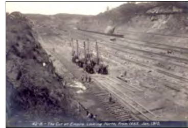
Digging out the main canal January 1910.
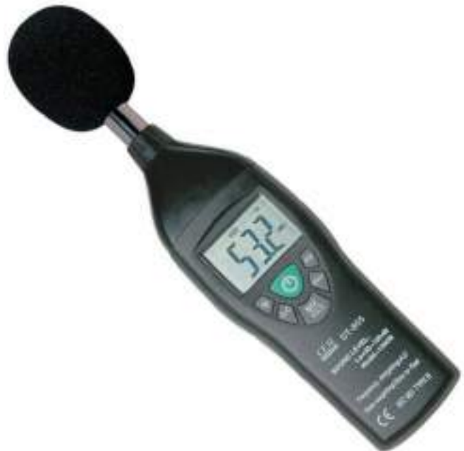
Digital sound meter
...
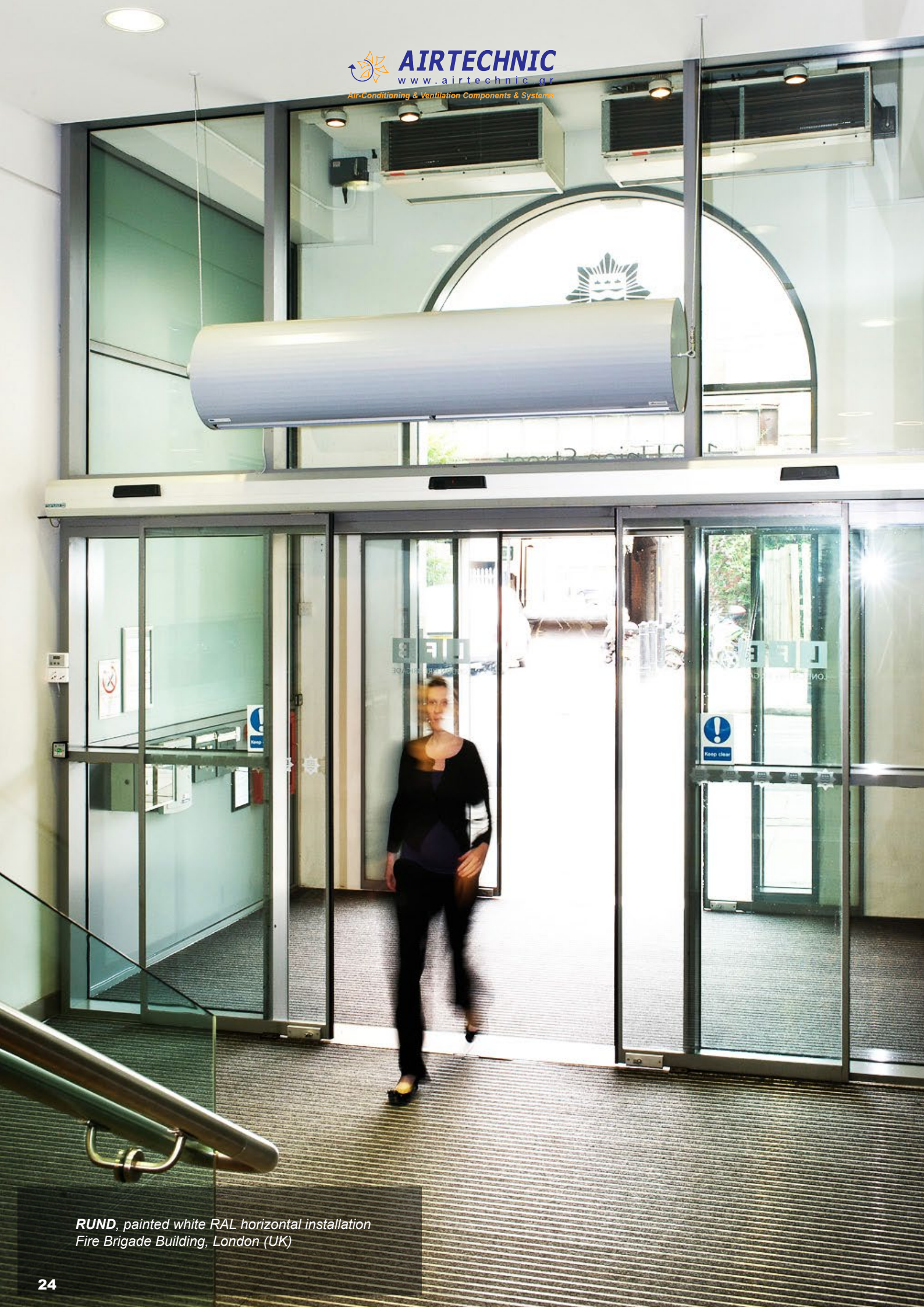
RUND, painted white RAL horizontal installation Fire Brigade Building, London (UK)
---
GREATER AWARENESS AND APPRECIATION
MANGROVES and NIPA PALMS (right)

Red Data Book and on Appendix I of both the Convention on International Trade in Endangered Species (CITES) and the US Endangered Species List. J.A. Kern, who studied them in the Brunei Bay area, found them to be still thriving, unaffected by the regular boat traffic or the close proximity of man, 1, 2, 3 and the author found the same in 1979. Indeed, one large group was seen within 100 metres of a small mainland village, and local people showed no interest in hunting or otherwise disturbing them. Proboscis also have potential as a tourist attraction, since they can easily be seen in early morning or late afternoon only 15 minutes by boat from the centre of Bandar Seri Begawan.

» Task directions:
From the data above, return only the lines starting at the line that holds "Digging out the main canal January 1910." and ending at the line that holds "Digital sound meter", word for word and without pictures.

» Result:
Digging out the main canal January 1910.
Digital sound meter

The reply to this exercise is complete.